Haddad, C. F. B., Machado, I. F., Giovanelli, J. G. R., Bataus,  Y. S. L., Uhlig, V. M., Batista, F. R. Q., Cruz, C. A. G., o Conte, C. E., Zank, C., Strüsmann, C., Canedo, C. C., Loebmann, D., Silvano, D. L., Nomura,  F., Pinto,  H. B. A., Amaral, I. B., Gasparini, J. L. R., Nascimento, L. B., Martins, M. R. C., Napoli, M. F., Gordo, M., Hoogmoed, M. S.,  Kienle, M. S., Maciel, N. M., Valdujo, P. H., Garcia, P. C. A., Sawaya, R. J., Lingnau, R., Bastos, R. P. e Caramaschi, U.. 2016. Avaliação do Risco de Extinção de Cycloramphus asper Werner, 1899. Processo de avaliação do risco de extinção da fauna brasileira. ICMBio. http://www.icmbio.gov.br/portal/biodiversidade/fauna-brasileira/estado-de-conservacao/7589-anfibios-cycloramphus-asper.html

   Cycloramphus asper
Foto:
Elaboração: NGeo - RAN/ICMBio

Ordem: Anura

Família: Cycloramphidae

Nomes comuns: Rã-de-cachoeira.

Sinonímias: Telmatobius asper, Cyclorhamphus asper, Niedenia spinulifer, Iliodiscus asper, Cyclorhamphus neglectus, Cyclorhamphus boulengeri e Grypiscus asper (Frost 2011).

Notas taxonômicas: A série-tipo da espécie é registrada para Queçaba, distrito de Águas Mornas, estado de Santa Catarina (SC). Um único exemplar desta série foi citado para Rio Vermelho, São Bento do Sul, SC. Existe a possibilidade dos exemplares de São Bento do Sul não corresponderem a esta espécie (Gutsche et al. 2007).

Categoria e critério para a avaliação da espécie no Brasil: Dados insuficientes (DD).

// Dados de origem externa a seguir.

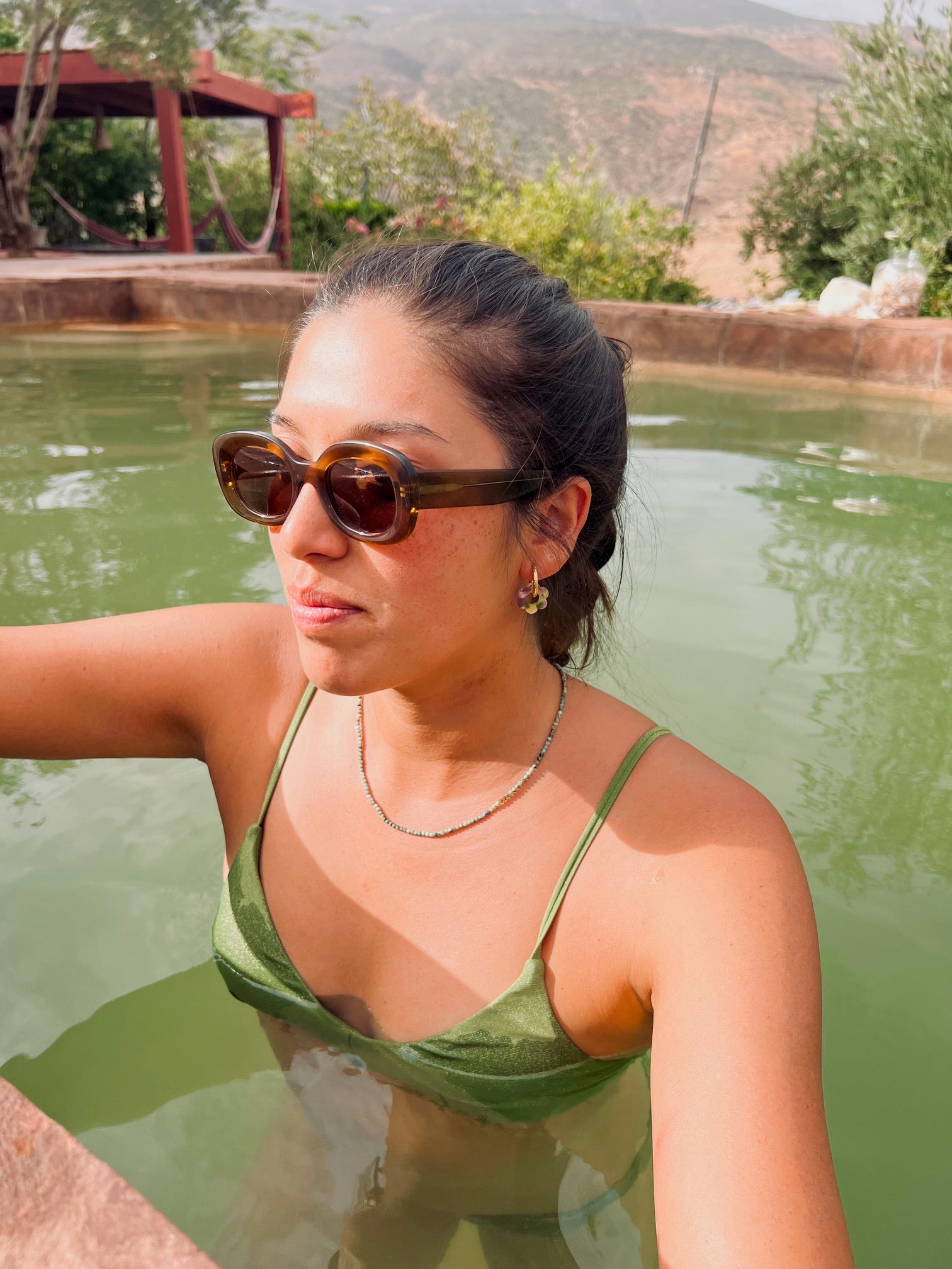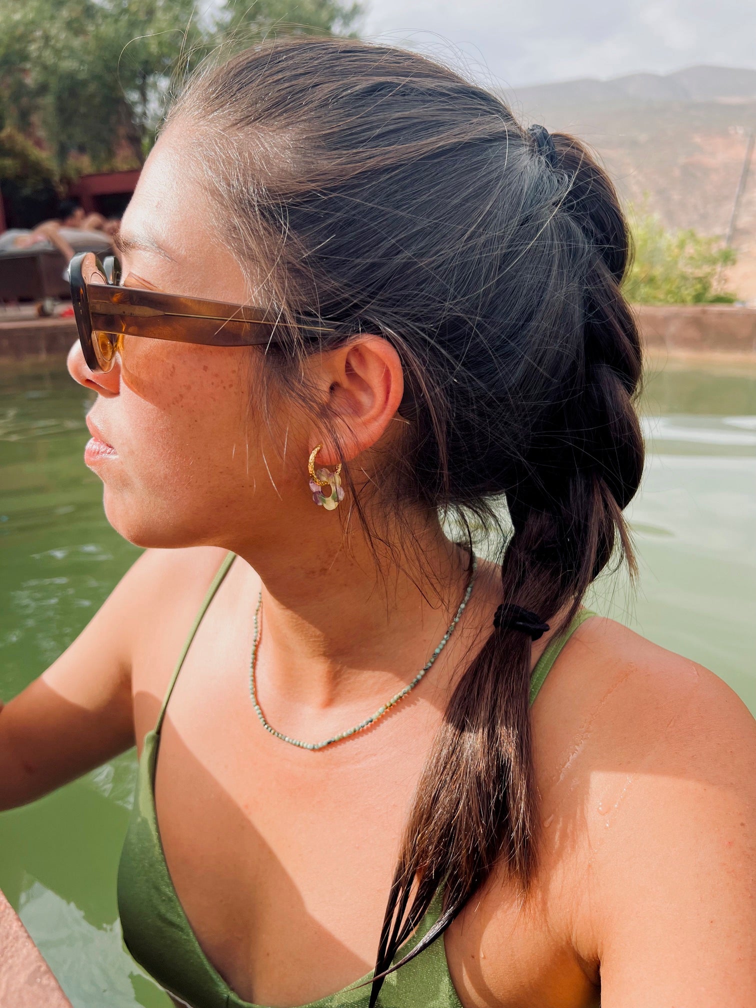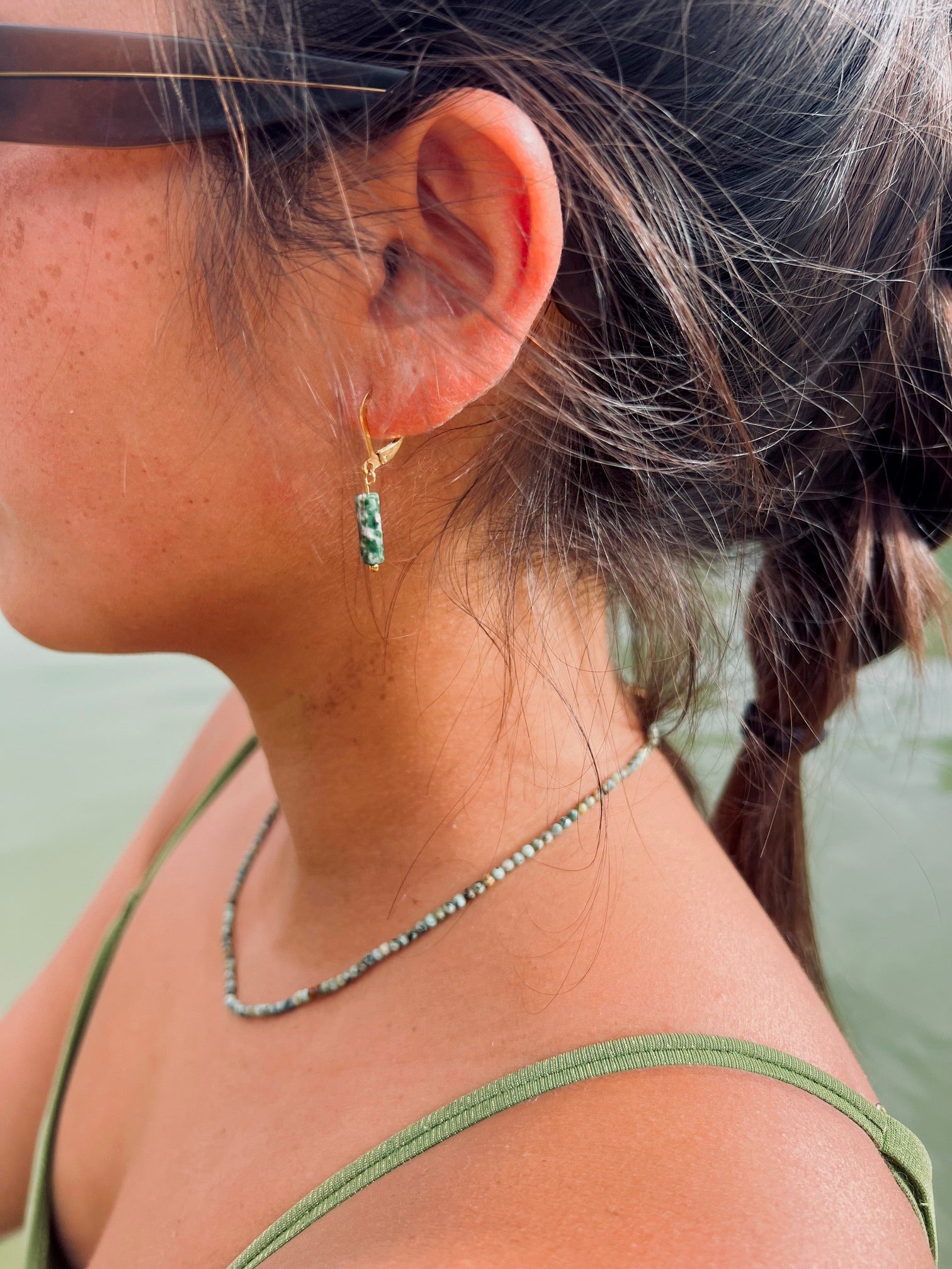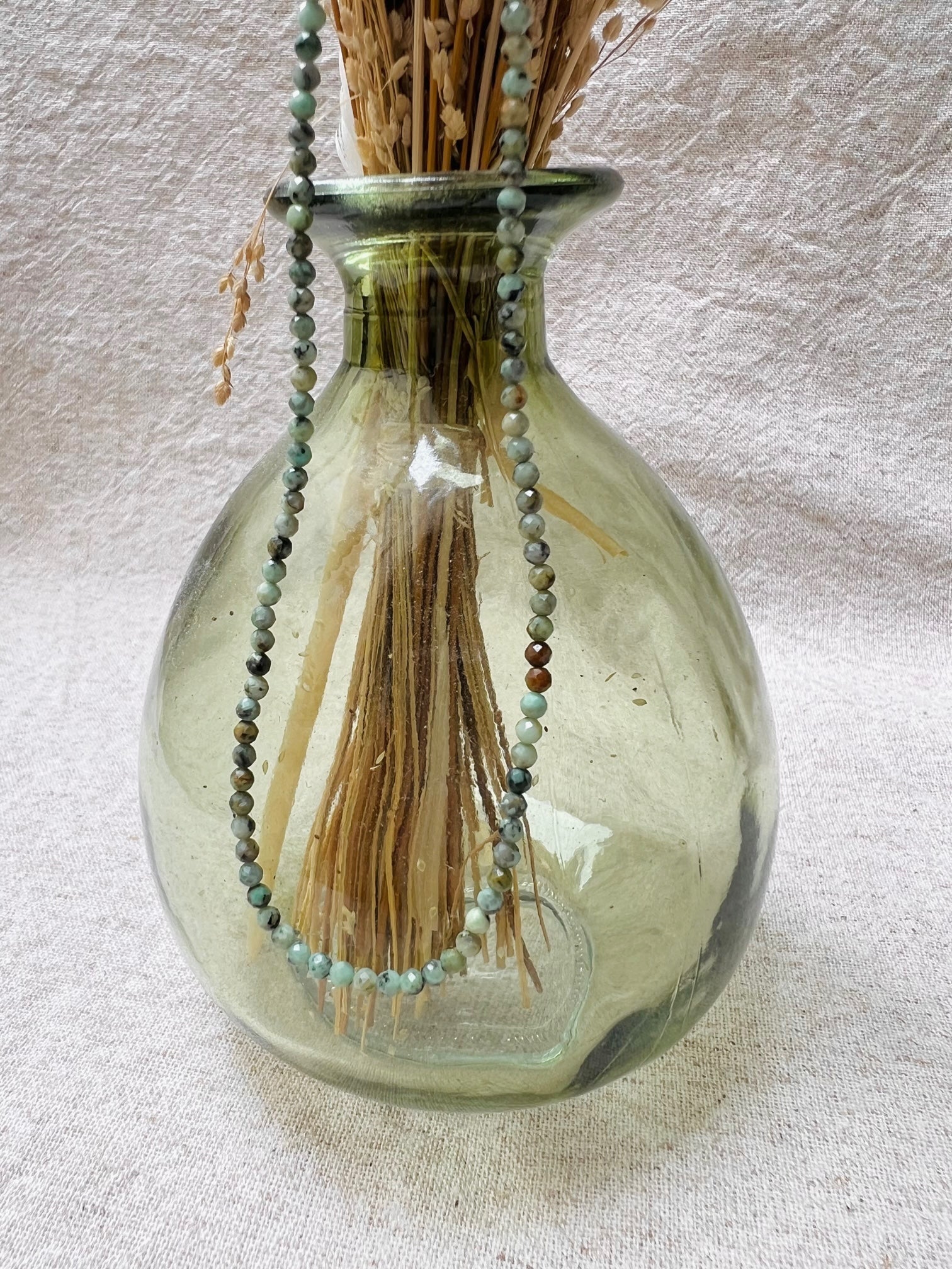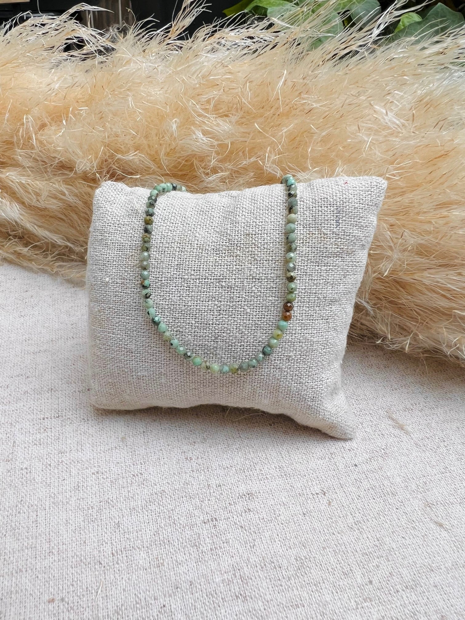 Le collier Madi est créé à partir d'un enfilage de pierres naturelles de turquoises africaines. Ce collier fin pourra se porter au quotidien seul ou accompagne d’un autre collier.

Justificativa: Cycloramphus asper é endêmica do Brasil, do bioma Mata Atlântica, da Serra do Mar, no estado de Santa Catarina. Trata-se de espécie de hábitat-específico (riachos florestados de montanha). O último exemplar foi coletado no final da década de 70 e procuras recentes falharam em registrar a espécie. Espécies do gênero vêm sofrendo declínio populacional sendo que a causa é desconhecida. O ambiente onde a espécie ocorre é impactado pelo cultivo de banana e Pinus, e pela ocupação urbana. Embora sua extensão de ocorrência calculada seja de 736,08 km2, os dados sobre a sua história de vida, incluindo hábitat utilizado e reprodução são insuficientes para uma avaliação adequada quanto a distribuição, status populacional e ameaças. Por essas razões, Cycloramphus asper foi categorizada como Dados insuficientes (DD).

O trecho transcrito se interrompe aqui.